Data shown Block Start

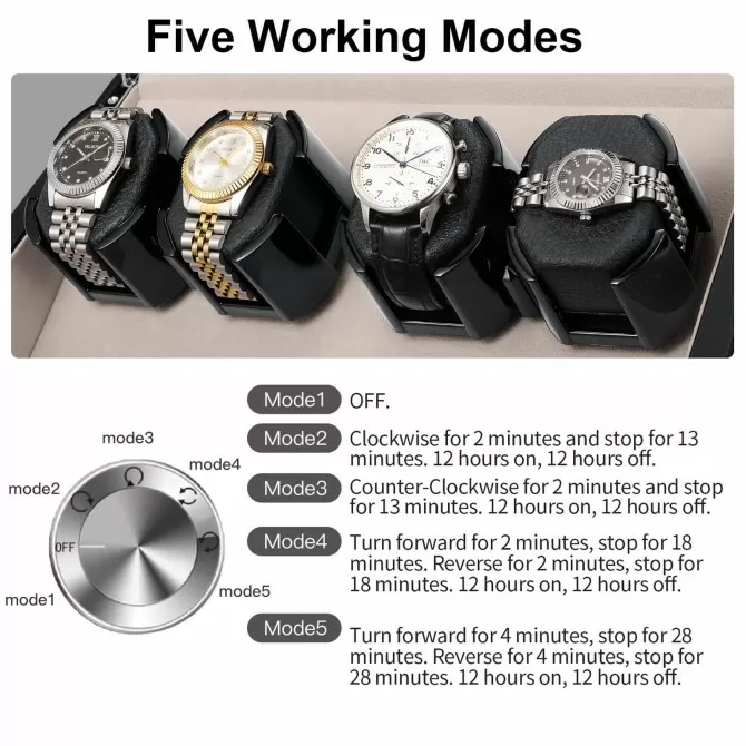 There are 5 modes to adjust the winding way that can match different brand of watches.
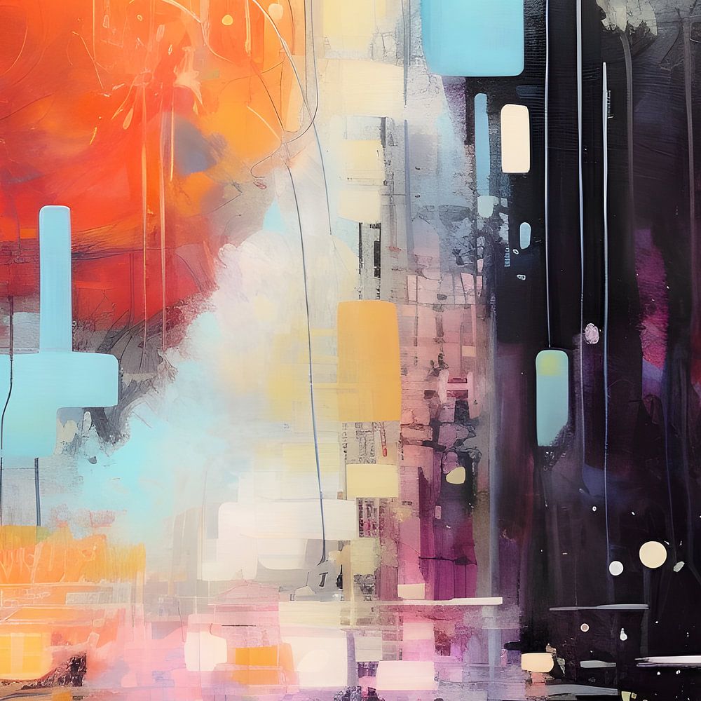 Une peinture abstraite, la vie nocturne quelque part dans une grande ville mystérieuse.
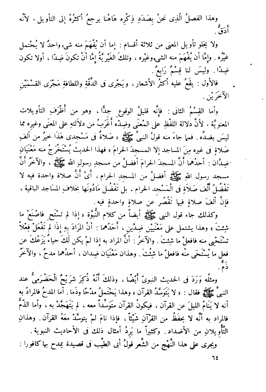 ولا يخلو تأويل المعنى من ثلاثة أقسام: إما أن يفهم منه شيء واحد لا يحتمل غيره، وإما أن يفهم منه الشيء وغيره، وتلك الغيرية: إمَّا أن تكون ضدًّا، أو لا تكون ضدًّا، وليس لنا قسم رابع.
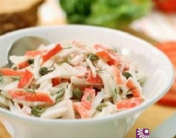 2- تمزج مقادير الصلصة في وعاء منفصل وتقلب مع السلطة ثم تنقل بعدها إلى وعاء التقديم.
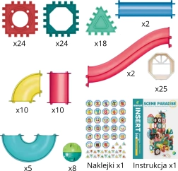 A nagy, 128 darabos készlet sokféle formát és színt kínál egyszerűbb és haladó projektekhez. Az átlátszó elemek lehetővé teszik a golyók mozgásának megfigyelését, és szemléletesen magyarázzák a sebesség, gravitáció és tehetetlenség törvényeit. A játék fejleszti a kreativitást, a türelmet és a műszaki készségeket.
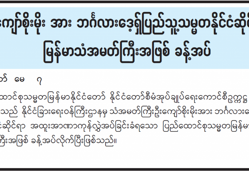 ကျန်းမာရေးဝန်ကြီးဌာန အစားအသောက်နှင့် ဆေးဝါးကွပ်ကဲရေးဦးစီးဌာနသည် စားသုံးသူပြည်သူများ အရည်အသွေးကောင်းမွန်ပြီး ဘေးအန္တရာယ်ကင်းသော အစားအသောက်များ စားသုံးနိုင်စေရန်အတွက် စားသောက်ကုန်များကို ဈေးကွက်မတင်မီစိစစ်ခြင်း၊ ဈေးကွက်တင်ပြီးနောက် ဈေးကွက်ထောက်လှမ်းစစ်ဆေးခြင်းစသည့် အစားအသောက်ဘေးအန္တရာယ် ဖြစ်ပေါ်နိုင်မှုများအား အစဉ်တစိုက် ကြိုတင်စိစစ်ဆောင်ရွက်လျက်ရှိပါသည်။ စားသုံးသူပြည်သူအများအဖို့ စားသောက်ကုန်များကို ယုံကြည်စိတ်ချစွာ ရွေးချယ်ဝယ်ယူစားသုံးနိုင်ရန်အတွက် “အသင့်ထုပ်ပိုးထားသော အစားအသောက်များအမှတ် တံဆိပ်ကပ်ခြင်းဆိုင်ရာအမိန့်”အား မြန်မာနိုင်ငံအစားအသောက်နှင့် ဆေးဝါးအာဏာပိုင်အဖွဲ့၏ ၂၀-၁-၂၀၂၂ ရက်စွဲပါ အမိန့်ကြော်ငြာစာ အမှတ် (၈/၂၀၂၂) ဖြင့် ထုတ်ပြန်ကြေညာခဲ့ပြီးဖြစ်သည့်အပြင် စားသောက်ကုန်များ၏ အမှတ်တံဆိပ်များပေါ်တွင် စားသောက်ကုန်သတ်မှတ်နံပါတ် (Food Product Code) များ ဖော်ပြနိုင်ရေးအတွက် စားသောက်ကုန်မှတ်တမ်းတင်ခြင်း (Food Product Notification) ကို လျှောက်ထားနိုင်ရန်ဖြစ်ပါသည်။

Data shown Block End

What is being asked - Your copy of the entries above must be exact and must not include pictures.

Response box -
 There are 5 modes to adjust the winding way that can match different brand of watches.
 Une peinture abstraite, la vie nocturne quelque part dans une grande ville mystérieuse.
 ولا يخلو تأويل المعنى من ثلاثة أقسام: إما أن يفهم منه شيء واحد لا يحتمل غيره، وإما أن يفهم منه الشيء وغيره، وتلك الغيرية: إمَّا أن تكون ضدًّا، أو لا تكون ضدًّا، وليس لنا قسم رابع.
 2- تمزج مقادير الصلصة في وعاء منفصل وتقلب مع السلطة ثم تنقل بعدها إلى وعاء التقديم.
 A nagy, 128 darabos készlet sokféle formát és színt kínál egyszerűbb és haladó projektekhez. Az átlátszó elemek lehetővé teszik a golyók mozgásának megfigyelését, és szemléletesen magyarázzák a sebesség, gravitáció és tehetetlenség törvényeit. A játék fejleszti a kreativitást, a türelmet és a műszaki készségeket.
 ကျန်းမာရေးဝန်ကြီးဌာန အစားအသောက်နှင့် ဆေးဝါးကွပ်ကဲရေးဦးစီးဌာနသည် စားသုံးသူပြည်သူများ အရည်အသွေးကောင်းမွန်ပြီး ဘေးအန္တရာယ်ကင်းသော အစားအသောက်များ စားသုံးနိုင်စေရန်အတွက် စားသောက်ကုန်များကို ဈေးကွက်မတင်မီစိစစ်ခြင်း၊ ဈေးကွက်တင်ပြီးနောက် ဈေးကွက်ထောက်လှမ်းစစ်ဆေးခြင်းစသည့် အစားအသောက်ဘေးအန္တရာယ် ဖြစ်ပေါ်နိုင်မှုများအား အစဉ်တစိုက် ကြိုတင်စိစစ်ဆောင်ရွက်လျက်ရှိပါသည်။ စားသုံးသူပြည်သူအများအဖို့ စားသောက်ကုန်များကို ယုံကြည်စိတ်ချစွာ ရွေးချယ်ဝယ်ယူစားသုံးနိုင်ရန်အတွက် “အသင့်ထုပ်ပိုးထားသော အစားအသောက်များအမှတ် တံဆိပ်ကပ်ခြင်းဆိုင်ရာအမိန့်”အား မြန်မာနိုင်ငံအစားအသောက်နှင့် ဆေးဝါးအာဏာပိုင်အဖွဲ့၏ ၂၀-၁-၂၀၂၂ ရက်စွဲပါ အမိန့်ကြော်ငြာစာ အမှတ် (၈/၂၀၂၂) ဖြင့် ထုတ်ပြန်ကြေညာခဲ့ပြီးဖြစ်သည့်အပြင် စားသောက်ကုန်များ၏ အမှတ်တံဆိပ်များပေါ်တွင် စားသောက်ကုန်သတ်မှတ်နံပါတ် (Food Product Code) များ ဖော်ပြနိုင်ရေးအတွက် စားသောက်ကုန်မှတ်တမ်းတင်ခြင်း (Food Product Notification) ကို လျှောက်ထားနိုင်ရန်ဖြစ်ပါသည်။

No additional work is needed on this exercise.